Rule mining is one of the steps for knowledge discovery in databases (KDD) [15]. It has been studied in a wide range of practical applications in which such information can be useful. The objective of rule mining is to identify rules that can be used for classifying or identifying data. In the literature, several approaches are being employed for extracting non-trivial knowledge from databases. Amongst these approaches, it is possible to cite unsupervised learning algorithms [11] for classification rule building, such as k-nearest neighbors (KNN) [47], [46], [21] and Bayesian classifiers [3], [6], [38], [40] and also supervised algorithms, like decision trees (DT) [8], [40], [22], artificial neural networks (ANN) [26], [2], [29], [19], [20] and support vector machines (SVM) [42], [9], [27], [30]. Furthermore, there are works that propose evolutionary-based tools for handling with classification problems [16], such as genetic algorithms (GA) [35], genetic programming (GP) [4], artificial immune systems [1], ant colony algorithms [34] and particle swarm optimization.

Algorithms that are capable of directly handling hybrid databases, without data preprocessing, have not been found in the literature. A database is said hybrid when it is composed of conventional attributes (e.g. numerical, textual, and logical) and unconventional attributes (e.g. geographical). Usually, the algorithms that deal with hybrid data adopt some alternative structure for representing the unconventional attributes as conventional ones. For instance, the works [49], [25], [48], which deal with geographic data, employ particular schemes for representing the geographic entities. In general cases, these alternative representations are not desirable, since the performance of the classification algorithm and the interpretation of the results become highly dependent on the representation scheme adopted. Actually, there are many geographic databases that use a pattern model to represent and store the attributes [12], [13]. These databases use functions that are well known [12], but just a few classification algorithms explore this rich set of functions [5]. Moreover, the existing methods require data to be preprocessed, and they are not able to mix conventional and unconventional functions in the same classification rule.

Genetic programming is a class of optimization algorithms that generates a population of individuals and evolves them along a generational process [24]. It employs genetic operators inspired by nature, like the ones employed in traditional GAs (selection, crossover, mutation, etc.), but they differ in their structure. If a proper evaluation mechanism is adopted, genetic programming becomes able to deal with complex classification problems, including the possibility of handling with multiple objectives simultaneously.

This paper proposes a multi-objective genetic programming algorithm that has been specially designed to classify conventional and hybrid data in real world databases. An improved niche strategy [18] and a population archive are used to increase the ability of extracting suitable rules for all problem classes present in the database. The algorithm is also very flexible; in such a way that the user can choose the function set that should be employed to build the rules, regardless the attribute types (numerical, textual, geographical, etc.). This characteristic makes the proposed approach adaptable to virtually any kind of problem, without structural changes in the algorithm. A preliminary version of the proposed algorithm can be found in [36], in which the flexibility of the algorithm is illustrated in spatial data mining problems.

The efficiency of the algorithm is measured using the following data sets that are detailed in Section 3:

  • Hepatitis and wine, both from UCI machine learning repository. These data sets are composed of regular attributes (numerical and textual) and the instances are classified into two and three classes respectively.1

  • Digital gases analysis (DGA) problem, where three real data sets of power transformers are classified into three classes [35].

  • City Development, in which cities are classified into three classes. This data set is composed of conventional (categorical/numerical) and geographical (points, lines and polygons) attributes.2

The algorithm proposed here is employed to maximize classification effectiveness and to minimize rule size. It has been conceived to handle a wide range of real world classification problems. Furthermore, the characteristics of the algorithm suggest that it is well suited for dealing with unbalanced data sets (i.e., data sets in which the number of samples in some class is considerably higher than in the others). Problems with unbalanced data sets are notoriously harder to solve [33], especially when more than two classes are involved [31].

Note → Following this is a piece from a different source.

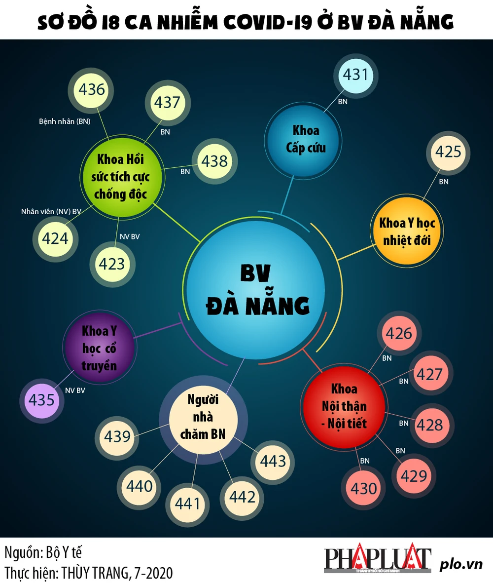 Cập nhật 29-7 COVID-19: 15 ca nhiễm mới kể từ ca 431 ở Đà Nẵng (PLO)- Trong 15 ca nhiễm COVID-19 mới ở Việt Nam (kể từ ca 431 ở Đà Nẵng) có đến 12/13 ca bệnh ở Đà Nẵng là bệnh nhân (BN), người nhà BN hoặc nhân viên của các Bệnh viện ở Đà Nẵng.

Finally, it is important to emphasize that all problems considered in this work have been modeled in such a way that other classical algorithms could be used and their performances could be assessed to establish a fair comparison with the proposed algorithm. For that purpose, three different classification assessment strategies to select and to test the obtained rules have been proposed.

This paper is structured as follows. The proposed algorithm is described in Section 2. Results achieved by the proposed algorithm for the considered problems are presented in Section 3, along with comparisons to the results of three classical approaches. Finally, Section 4 presents the conclusions that could be drawn from the study.

Section snippets

Algorithm modeling

The possible solution or individual in our MOGP (multi-objective genetic programming) algorithm is represented by a Boolean predicate, defined in the same manner as the WHERE clause of the structured query language’s (SQL) SELECT statement [14]. The adequacy of the individual to the problem is assessed by using a vector of objective functions, which determines its selection probability.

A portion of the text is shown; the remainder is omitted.